Maybe college Senior Manar was wrong too.
If you are there now, if you are questioning your self-worth because your life plan is deviating, let me tell you that there is more to you than your life plan.
I repeat, there is MORE to YOU than your life plan.
And now I'm going to make you think of the most cliché question in the English field: So what?
So what if your plan changed? So what if you didn't get accepted the first time? So what if your exams didn't go well? So what if you didn't get the 4.0 you wanted? So what if you lost some hobbies and found new ones? So what if your dream changed? So what if you take one, two, three gap years?
So what if you become someone else?
My life plan changed, and I am more and more grateful for that everyday. There is a lot of growing that occurs when your plan deviates, when your life story has 15000 plot twists you don't expect. I'm not saying you will smile through them. Do not think that I am discrediting the pain and struggle that it is to endure these plot twists. It's uncomfortable. It's painful. It's anxiety-inducing. But all change is.
Honestly, I believe that these plot twists force you to look at your life plan and accept the challenge, accept the plot twists, demand the challenge. You can look it down and show it how prepared you are to take on whatever life is going to throw next. You can be terrified, but you know you will be okay at the end of it.
So even in the midst of something that has such little choice, there still is choice. You choose to be comfortable. You choose to be strong, to accept the challenge. To choose to be determined to grow from this instead of let it take you down.
You choose to accept and appreciate the person you will become by the end of that challenge.
It took my three months to grow out of that self-doubt. At the end of that time, I found God again. I found belief in His life plan. I found a mentor in the medical field. I found myself, a new version of myself. I fell in love with medicine all over again, and this time for a better reason because I believe I became a better person. I had about eight more months of ups and downs from that time period before I got my first acceptance to medical school.

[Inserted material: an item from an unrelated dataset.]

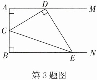 3. (2025·泗洪县一模)如图,$\angle BAM = \angle ABN = 90^{\circ}$,$AB = 4$,C 是线段 AB 的中点,点 D 在射线 AM 上运动,过点 D 作$DE\perp CD$交射线 BN 于点 E,则 BE 的最小值为

And I would not change a thing. I had grown into someone else.
I think of Zaida, and how she cannot tell me what she is thinking. I watch her explore the edges of my hands, think of the day she will be able to count my fingers, and understand what she's thinking when she looks up at me with her toothless grin. She's discovering the world without saying words yet. It is why many people fear the field of Pediatrics but why I am so drawn to it. There is an art to understanding someone who cannot tell you what they are feeling or thinking. There is an art to diving deeper and trying to unravel them. Children do not fear their growth, do not understand yet how life will change them. But they remain excited to explore, to know more, to see more, touch more.
I know they will keep reminding me of why I am doing what I am doing as they discover the world, one hand and toothless grin at a time.